Repeat the data verbatim, images excluded.
※
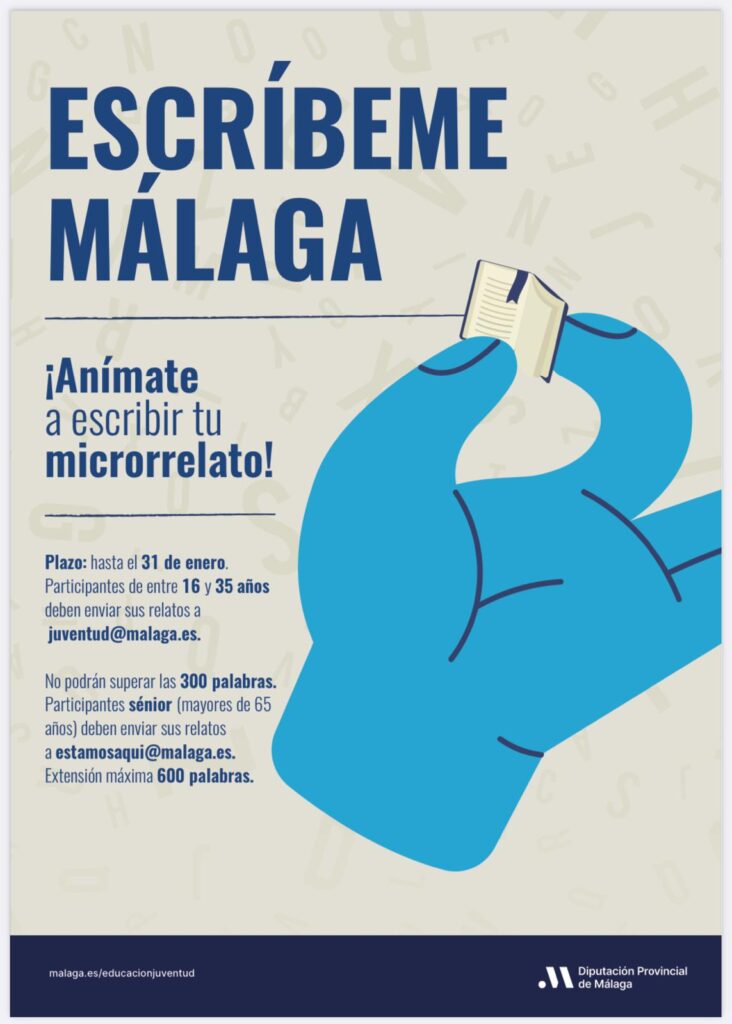 La Diputación de Málaga mantiene abierto hasta el 31 de enero de 2025 el plazo de presentación de textos para la tercera edición del certamen de microrrelatos ‘Escríbeme Málaga’, que por primera vez incluye una categoría para mayores de 65 años, además de la juvenil para participantes de 14 a 35 años.
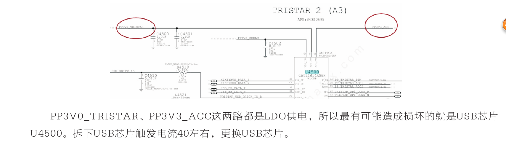 PP3V0_TRISTAR, PP3V3_ACC this two are supplied by all LDO power supply, so the most likely damage is the USB U4500 IC. Remove the USB IC with QUICK 861DW Hot Rework Station, trigger current about 40mA, then replace the USB IC.
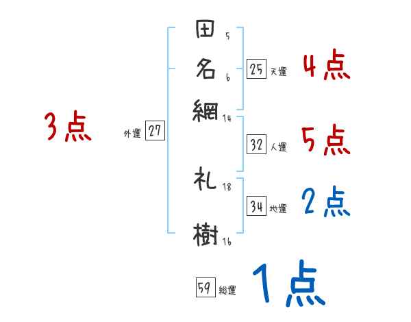 人運![]() | 田名網礼樹さんの人運は32画の5つ星!柔軟性があり成功する。チャンスが多く金運が良い。 性格や才能などを表す2番目に重要な運勢です。人間関係や協調性、社会的な成功に影響します。主に20歳から50歳ぐらいまでの中年期の運勢を表します。 |
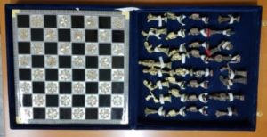 Ajedrez en NACAR y Bronce MEDIDA TABLERO 32 X 32 CTS figuras tematica egipcia
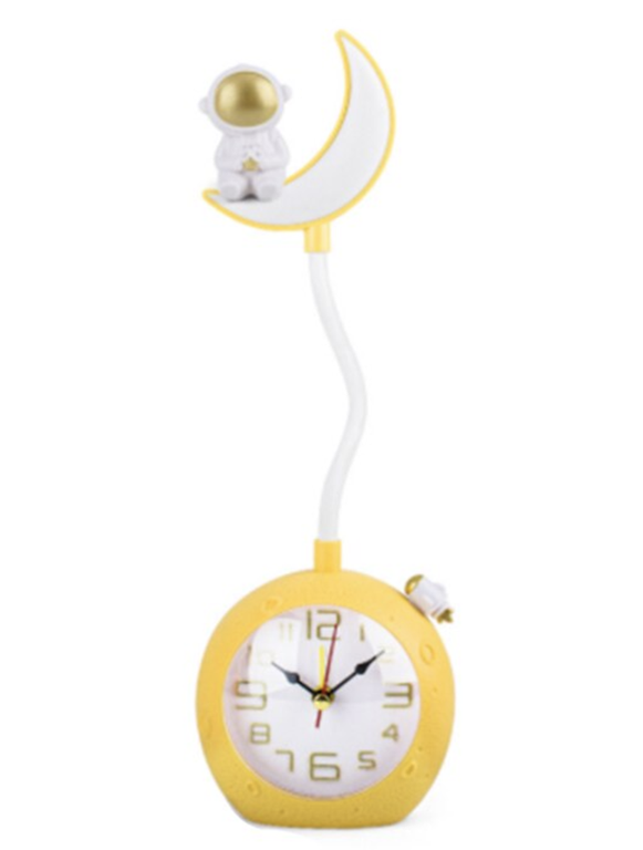 Lampa de birou C128 este recomandata a fi utilizata pe orice suprafata plana din camera copilului, oferind o atmosfera placuta si un design haios unic. Datorita flexibilitatii de care dispune, dispozitivul ofera posibilitatea de a regla cu usurinta directia si inaltimea lampii de citit. Caracteristici: Model: RD-C128 Functii: iluminare, ceas Putere: 10W Tensiune: DC5V Alimentare: cablu USB Alimentare ceas: 1 x baterie tip AA (nu este inclusa) Forma: luna cu astronaut Tip bec: LED Capacitate baterie: 1200mAh Timp de incarcare: 4-6 ore Timp de operare: 6-8 ore Mod comutator: tip buton Culoare: galben sau roz in functie de stoc Material: ABS Dimensiuni(L x l x h): 32 x 10 x 6 cm
※
◆ SOLUTION BELOW
 La Diputación de Málaga mantiene abierto hasta el 31 de enero de 2025 el plazo de presentación de textos para la tercera edición del certamen de microrrelatos ‘Escríbeme Málaga’, que por primera vez incluye una categoría para mayores de 65 años, además de la juvenil para participantes de 14 a 35 años.
 PP3V0_TRISTAR, PP3V3_ACC this two are supplied by all LDO power supply, so the most likely damage is the USB U4500 IC. Remove the USB IC with QUICK 861DW Hot Rework Station, trigger current about 40mA, then replace the USB IC.
 人運![]() | 田名網礼樹さんの人運は32画の5つ星!柔軟性があり成功する。チャンスが多く金運が良い。 性格や才能などを表す2番目に重要な運勢です。人間関係や協調性、社会的な成功に影響します。主に20歳から50歳ぐらいまでの中年期の運勢を表します。 |
 Ajedrez en NACAR y Bronce MEDIDA TABLERO 32 X 32 CTS figuras tematica egipcia
 Lampa de birou C128 este recomandata a fi utilizata pe orice suprafata plana din camera copilului, oferind o atmosfera placuta si un design haios unic. Datorita flexibilitatii de care dispune, dispozitivul ofera posibilitatea de a regla cu usurinta directia si inaltimea lampii de citit. Caracteristici: Model: RD-C128 Functii: iluminare, ceas Putere: 10W Tensiune: DC5V Alimentare: cablu USB Alimentare ceas: 1 x baterie tip AA (nu este inclusa) Forma: luna cu astronaut Tip bec: LED Capacitate baterie: 1200mAh Timp de incarcare: 4-6 ore Timp de operare: 6-8 ore Mod comutator: tip buton Culoare: galben sau roz in functie de stoc Material: ABS Dimensiuni(L x l x h): 32 x 10 x 6 cm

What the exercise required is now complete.